Jaspers, Moriarty & Wetherille, P.A.
Seasoned Legal Judgment For The South Metro Area

What's exempt from liquidation in Chapter 7 bankruptcy?

Filing for bankruptcy could have you feeling like you're in the middle of a 1980s "rags to riches and back to rags again" type of movie. We all remember the scene from Rocky when the banks came to collect all of the expensive luxury items he had in his home. The thing is, bankruptcy isn't like this for most people, and you'll probably be surprised by the property that is exempt from liquidation.

Bankruptcy isn't meant to leave you penniless and possession-less. It's supposed to give you a fresh financial start on firm and solid ground, so you'll get to keep the things that are essential to your life. In most cases, you can keep your car, furniture, clothing and other necessities -- even some of the equity you've built up in your home.

Here's a quick review of typical items you can expect to be exempt from Chapter 7 liquidation:

Homestead exemption: The homestead exemption will let you keep some of the equity you have in your residence. That might be as much as $390,000 if you qualify for Minnesota homestead exemption laws, but it could be higher if you qualify for a state homestead exemption.

Vehicle exemptions: Your car, up to a certain value limitation, will also be exempt from liquidation.

Personal property: You'll benefit from having much of your personal property -- even your jewelry and home appliances and furniture -- exempt from liquidation. Of course, value limitations will also apply.

Professional items: The tools you use for your trade, like computers, electronics, work tools and instruments (if you're a musician) will also be exempt from liquidation.

Do you have personal property you're worried about losing in Chapter 7 bankruptcy?
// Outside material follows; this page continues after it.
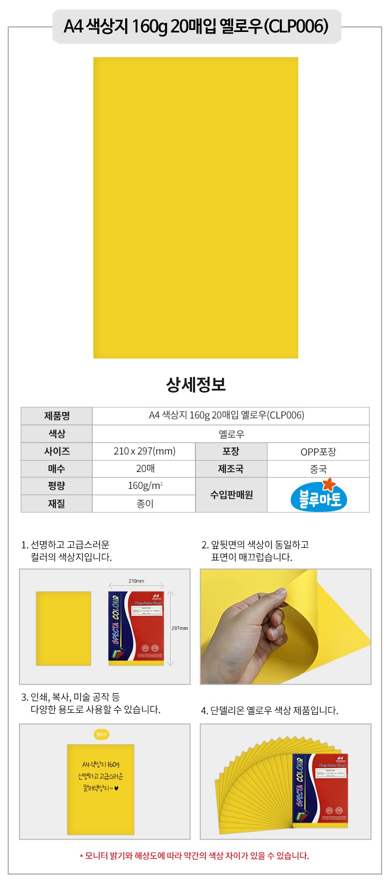 [블루마토] A4 색상지 160g 20매입 옐로우(CLP006) 3세트

A skilled Minnesota bankruptcy attorney will be able to tell you whether or not you're likely to keep this property after going through Chapter 7 liquidation. In lots of cases, bankruptcy courts will determine if a specific item should be exempt on a case-by-case basis. Therefore, your attorney may be able to formulate arguments to try and get this property exempt if it doesn't fit neatly into the categories above.